• **Task prompt**
Lines from the line with "現在地周辺のサウナ施設が写真" to the line with "В конце добавить" in the entries below, and only those, must be output exactly, with both ends included.

• **Exercise input**
★ ★ ★ ★
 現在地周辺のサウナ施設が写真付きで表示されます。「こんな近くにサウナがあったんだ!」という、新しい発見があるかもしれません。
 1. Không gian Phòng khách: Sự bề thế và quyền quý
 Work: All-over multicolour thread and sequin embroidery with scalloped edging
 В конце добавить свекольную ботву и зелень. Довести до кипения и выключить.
★ ★ ★ ★
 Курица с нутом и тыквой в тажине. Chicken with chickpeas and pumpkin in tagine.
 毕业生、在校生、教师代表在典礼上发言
★ ★ ★ ★
• **Response area**
 現在地周辺のサウナ施設が写真付きで表示されます。「こんな近くにサウナがあったんだ!」という、新しい発見があるかもしれません。
 1. Không gian Phòng khách: Sự bề thế và quyền quý
 Work: All-over multicolour thread and sequin embroidery with scalloped edging
 В конце добавить свекольную ботву и зелень. Довести до кипения и выключить.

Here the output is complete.